ATOL’s campaign will run from this week until mid- February and adverts will be seen across digital channels including YouTube, Facebook, Instagram and Spotify. Content will also run across ATOL’s own social media channels, which will encourage consumers to check for ATOL protection when organising their next overseas trip.
Notes to Editors:
- Travel companies selling air package holidays in the UK are required to hold an ATOL (which stands for Air Travel Organiser’s Licence) and the scheme also applies to some flight bookings.
- If an ATOL licensed travel company stops trading, the scheme protects their package holiday customers, making sure they don’t get stuck abroad or lose money if they are yet to travel.
- Some non-UK travel companies will be advertising their deals over the traditional peak sales period to UK consumers – these companies should be ATOL licensed.

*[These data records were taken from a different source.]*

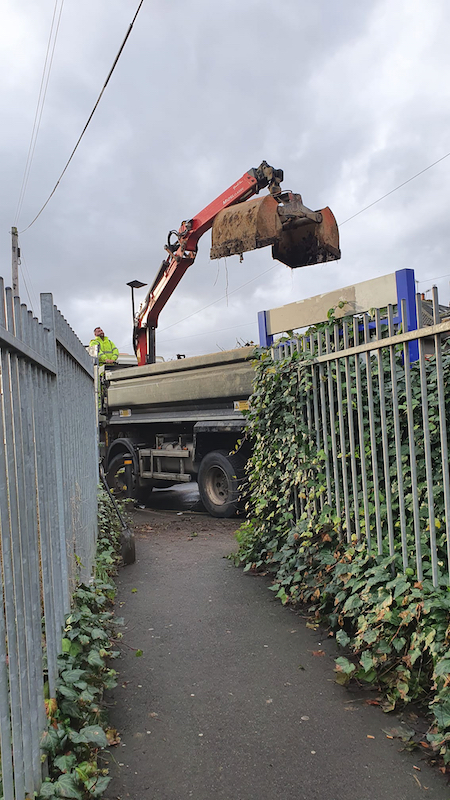 Grab lorry inhibiting pedestrians at Syon Lane Station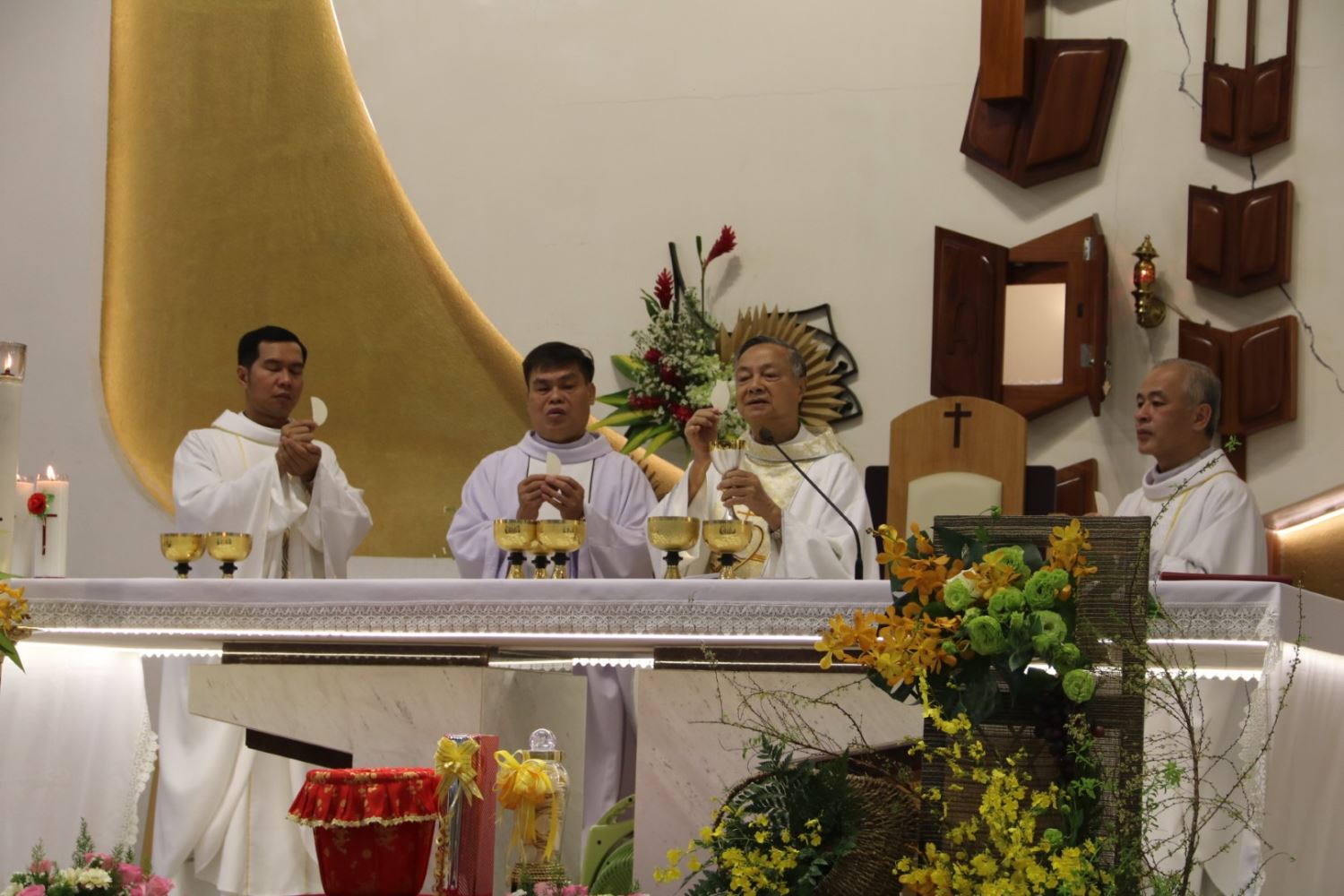 Thánh lễ do linh mục (Lm) chánh xứ Đaminh Vũ Ngọc Thủ chủ tế, đồng tế với ngài là Lm Phêrô Đỗ Khắc Minh Khoa (giảng lễ) và các linh mục thân quen.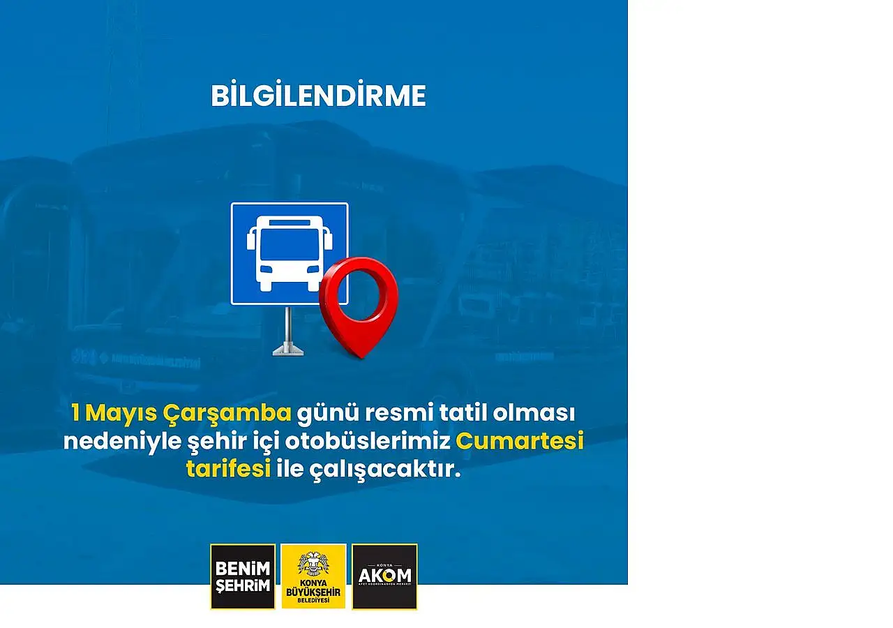 Konya Büyükşehir Belediyesi Afet Koordinasyon Merkezi sosyal medya hesabından yaptığı paylaşımla Konya'da yarın 1 Mayıs İşçi Bayramı olması sebebiyle şehir içi otobüslerinde cumartesi tarifesi uygulanacak.AKOM yaptığı paylaşımda şu sözlere yer verdi 'Bil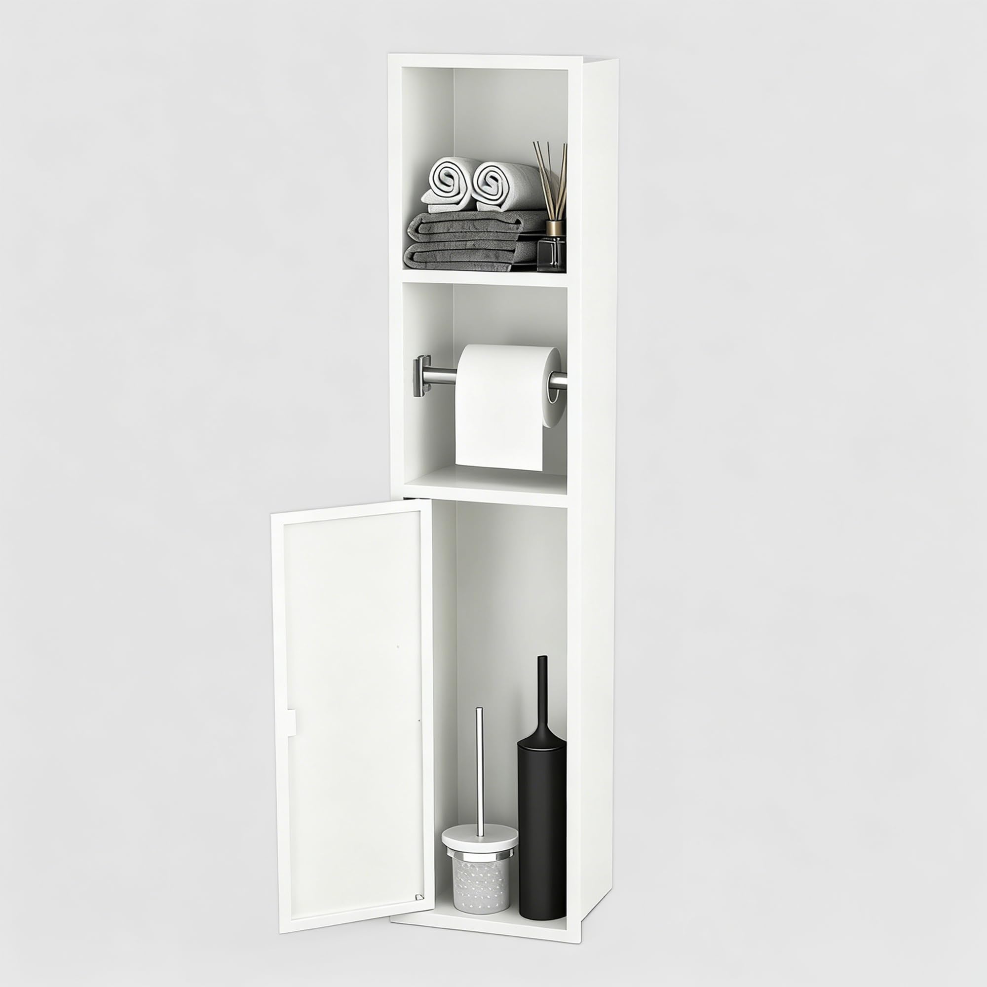 Recessed Toilet Paper Holder Brushed Nickel with 3 Storage White Stainless Steel, for Toiletries Toilet Brush, Paper Holder

- Before booking, you should always check that your travel provider is a legitimate ATOL holder and you can check this on our website atol.org
- When you book, the travel company will provide an ATOL Certificate, which tells customers what they are protected against if the travel company stops trading, and shows exactly which parts of their booking are ATOL protected.
- Savanta conducted an online survey of 2,295 UK adults between the 9th and 10th December 2023. Data was weighted to be nationally representative of all UK adults by age, gender, region and social grade.